=== Task statement ===
When you reach a picture, skip it, and retype every line below exactly.

[Items from a dataset]
----

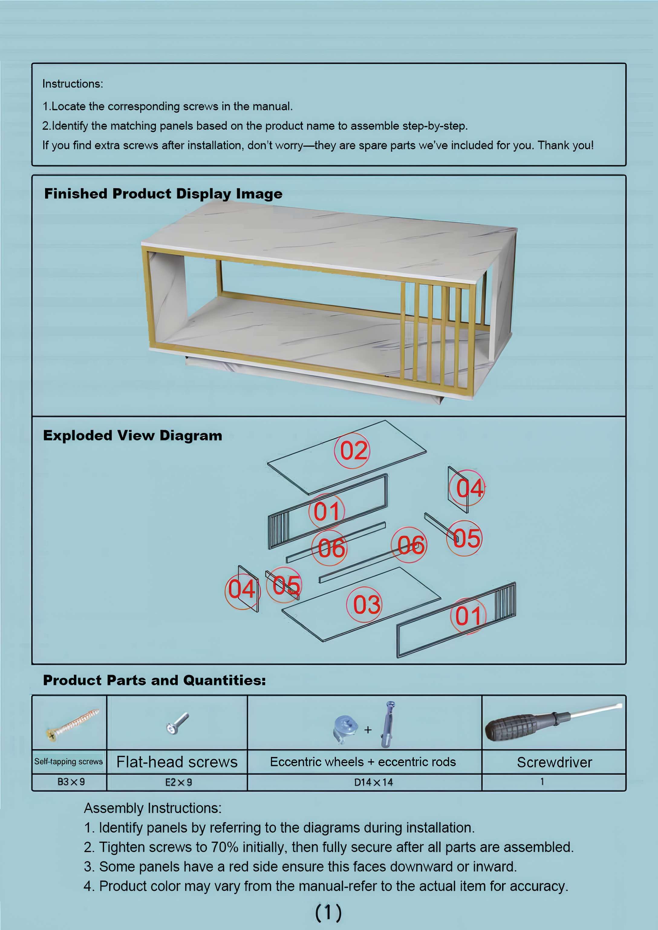 - Do not overtighten screws at the beginning. First align all panels, then fully tighten.
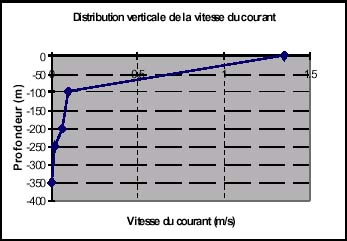 Dans le Tableau 2, le courant a sa vitesse maximale en surface, décroît à 0.1 m/s à 100 m de profondeur, puis est nul à la profondeur du corps-mort.
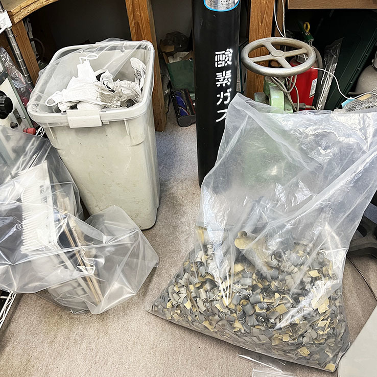 貴金属の加工により研磨屑やバフ研磨粉、サンドペーパー、集塵機のフィルターなどが大量に蓄積いたします。
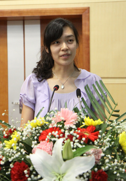 优秀共产党员代表建筑工程管理学院教师冯郁馨宣读倡议书
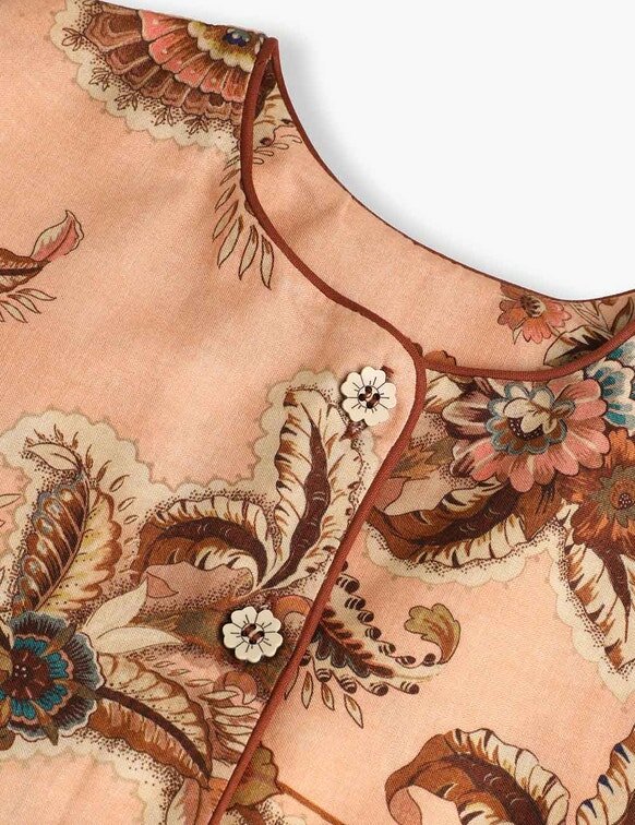 Aster Kids-klänning med kontrastkant i Peach Jacobean från vår Summer Swim 2026-kollektion.
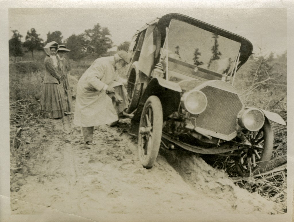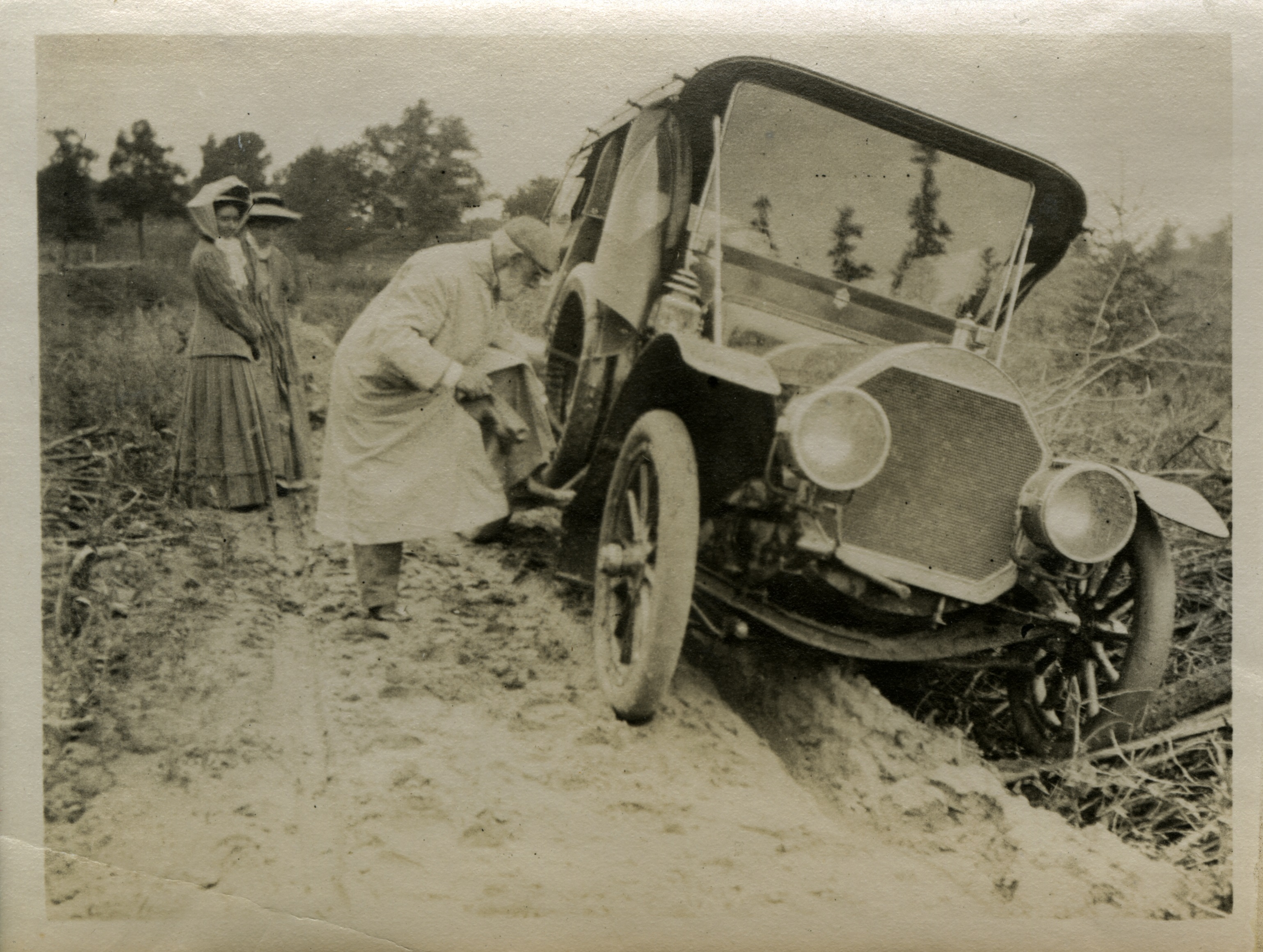 Ellen Scripps Booth, Jean McLaughlin Booth and Henry Scripps Booth on Lahser Road with the 1908 Pierce-Arrow in the ditch, 1911. Courtesy Cranbrook Archives.
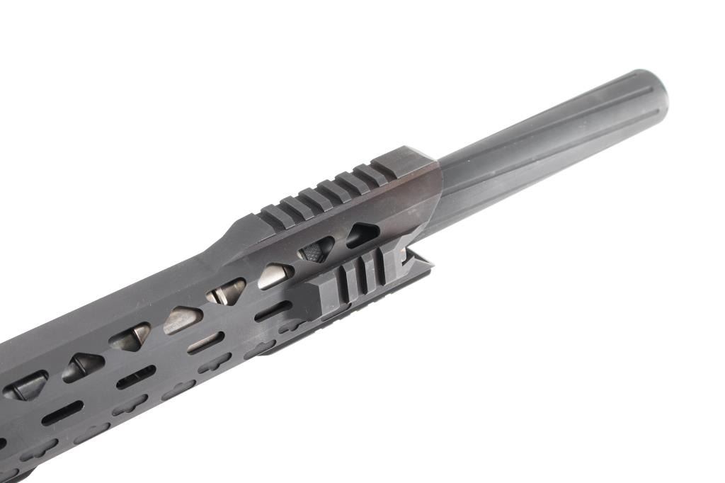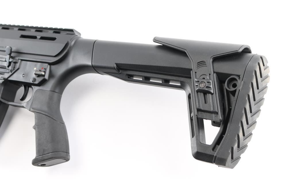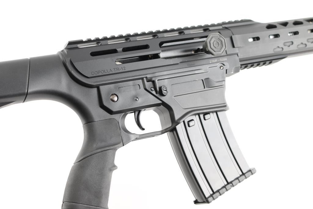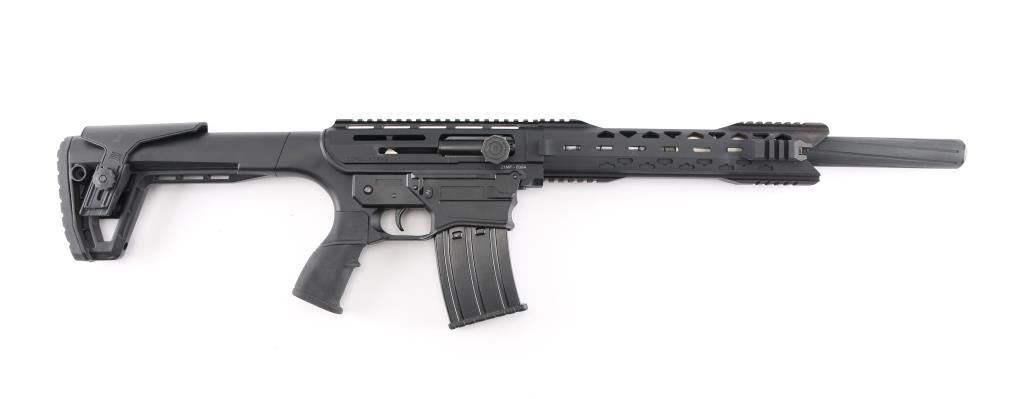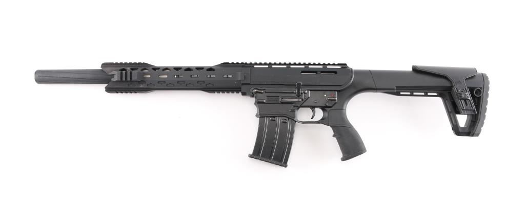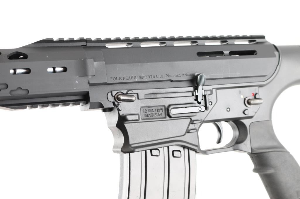 S/N: 21MF-0384. Made in Turkey for Four Peaks Phoenix, AZ. This gas operated, magazine fed, semi-automatic 12 Gauge shotgun is chambered for 3" shells. Features an 18.5" barrel, matte black finish on forearm, upper receiver & barrel shroud. Black polymer lower receiver, shoulder stock and adjustable cheek riser, rubber textured pistol grip & buttpad. Full Picatinny rail on top receiver, 4" Pic rails on front, top & bottom and 1.5" Pic rail on back top of forearm. No sights, oversized metal charging handle w/octagonal rubber over-sized grip, push button magazine release and smooth curved trigger. LOP is 14". Retains approximately 95% finish with little edge wear. Bore is shiny with a little dirt in barrel. Comes with one metal 5 rd magazine and FULL choke tube installed.

----

=== Result ===
 - Do not overtighten screws at the beginning. First align all panels, then fully tighten.
 Dans le Tableau 2, le courant a sa vitesse maximale en surface, décroît à 0.1 m/s à 100 m de profondeur, puis est nul à la profondeur du corps-mort.
 貴金属の加工により研磨屑やバフ研磨粉、サンドペーパー、集塵機のフィルターなどが大量に蓄積いたします。
 优秀共产党员代表建筑工程管理学院教师冯郁馨宣读倡议书
 Aster Kids-klänning med kontrastkant i Peach Jacobean från vår Summer Swim 2026-kollektion.
 Ellen Scripps Booth, Jean McLaughlin Booth and Henry Scripps Booth on Lahser Road with the 1908 Pierce-Arrow in the ditch, 1911. Courtesy Cranbrook Archives.
 S/N: 21MF-0384. Made in Turkey for Four Peaks Phoenix, AZ. This gas operated, magazine fed, semi-automatic 12 Gauge shotgun is chambered for 3" shells. Features an 18.5" barrel, matte black finish on forearm, upper receiver & barrel shroud. Black polymer lower receiver, shoulder stock and adjustable cheek riser, rubber textured pistol grip & buttpad. Full Picatinny rail on top receiver, 4" Pic rails on front, top & bottom and 1.5" Pic rail on back top of forearm. No sights, oversized metal charging handle w/octagonal rubber over-sized grip, push button magazine release and smooth curved trigger. LOP is 14". Retains approximately 95% finish with little edge wear. Bore is shiny with a little dirt in barrel. Comes with one metal 5 rd magazine and FULL choke tube installed.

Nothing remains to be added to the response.